■ Problem to work on ■
In the records below, begin at the line containing "Ingredients: Red Bell" and end at the line containing "Rustic, elegant, simple, contemporary"; quote every line in that span exactly, including both boundary lines, and no others.
Given information START
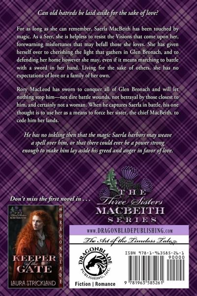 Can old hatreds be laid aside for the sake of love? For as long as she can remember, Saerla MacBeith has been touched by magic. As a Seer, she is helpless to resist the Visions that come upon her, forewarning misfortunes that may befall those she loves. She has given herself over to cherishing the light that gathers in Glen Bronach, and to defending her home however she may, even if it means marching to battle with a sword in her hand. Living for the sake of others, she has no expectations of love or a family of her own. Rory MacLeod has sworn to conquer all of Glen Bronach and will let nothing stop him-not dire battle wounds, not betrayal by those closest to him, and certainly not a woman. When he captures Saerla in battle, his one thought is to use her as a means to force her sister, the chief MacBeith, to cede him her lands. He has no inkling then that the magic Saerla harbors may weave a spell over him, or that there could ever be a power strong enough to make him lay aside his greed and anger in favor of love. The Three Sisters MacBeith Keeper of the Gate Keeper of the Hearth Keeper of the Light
Given information END
Given information START
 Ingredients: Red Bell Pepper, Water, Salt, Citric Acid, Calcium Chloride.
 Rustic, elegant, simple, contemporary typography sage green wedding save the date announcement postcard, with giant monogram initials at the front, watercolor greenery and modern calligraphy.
Given information END
■ The completed task ■
 Ingredients: Red Bell Pepper, Water, Salt, Citric Acid, Calcium Chloride.
 Rustic, elegant, simple, contemporary typography sage green wedding save the date announcement postcard, with giant monogram initials at the front, watercolor greenery and modern calligraphy.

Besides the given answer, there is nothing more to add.